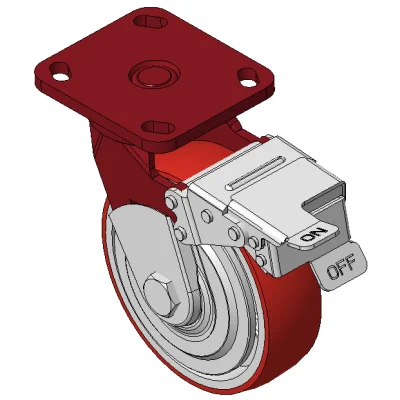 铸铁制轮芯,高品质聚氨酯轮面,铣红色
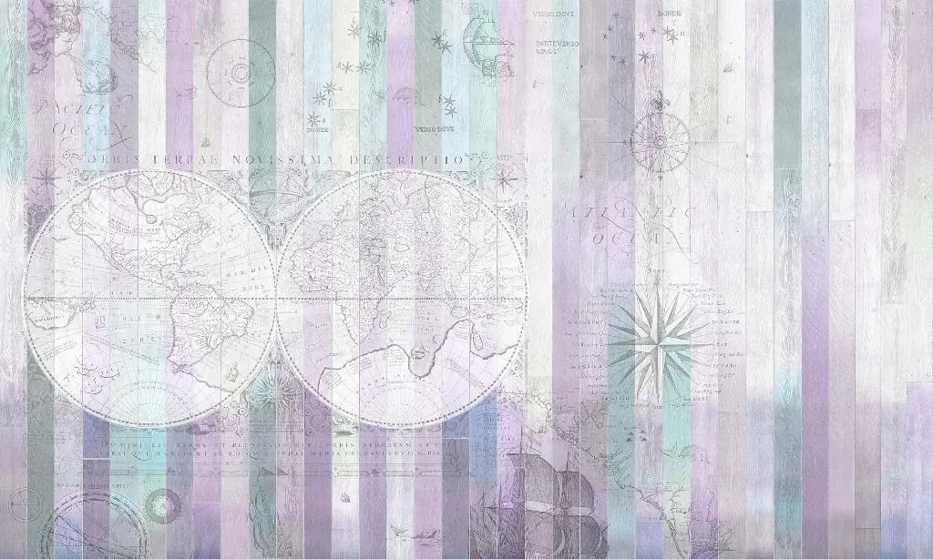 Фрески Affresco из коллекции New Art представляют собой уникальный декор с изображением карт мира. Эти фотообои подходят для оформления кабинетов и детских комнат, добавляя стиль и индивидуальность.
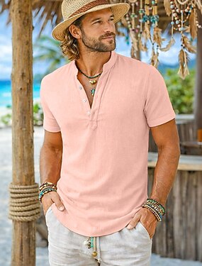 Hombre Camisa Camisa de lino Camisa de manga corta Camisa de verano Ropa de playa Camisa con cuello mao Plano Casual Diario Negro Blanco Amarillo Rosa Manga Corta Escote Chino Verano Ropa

= = = = =

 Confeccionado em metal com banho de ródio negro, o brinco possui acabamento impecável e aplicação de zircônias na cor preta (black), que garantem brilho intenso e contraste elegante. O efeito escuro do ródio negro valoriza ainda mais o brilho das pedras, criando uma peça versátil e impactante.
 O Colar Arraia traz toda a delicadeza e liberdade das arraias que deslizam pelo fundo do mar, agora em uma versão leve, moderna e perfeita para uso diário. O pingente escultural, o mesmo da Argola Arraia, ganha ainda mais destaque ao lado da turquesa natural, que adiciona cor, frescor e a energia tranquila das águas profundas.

= = = = =

## PROBLEM TO SOLVE
Across the material, how many lines contain "mais"? The reply must be that number and nothing else.

## RESPONSE AREA
2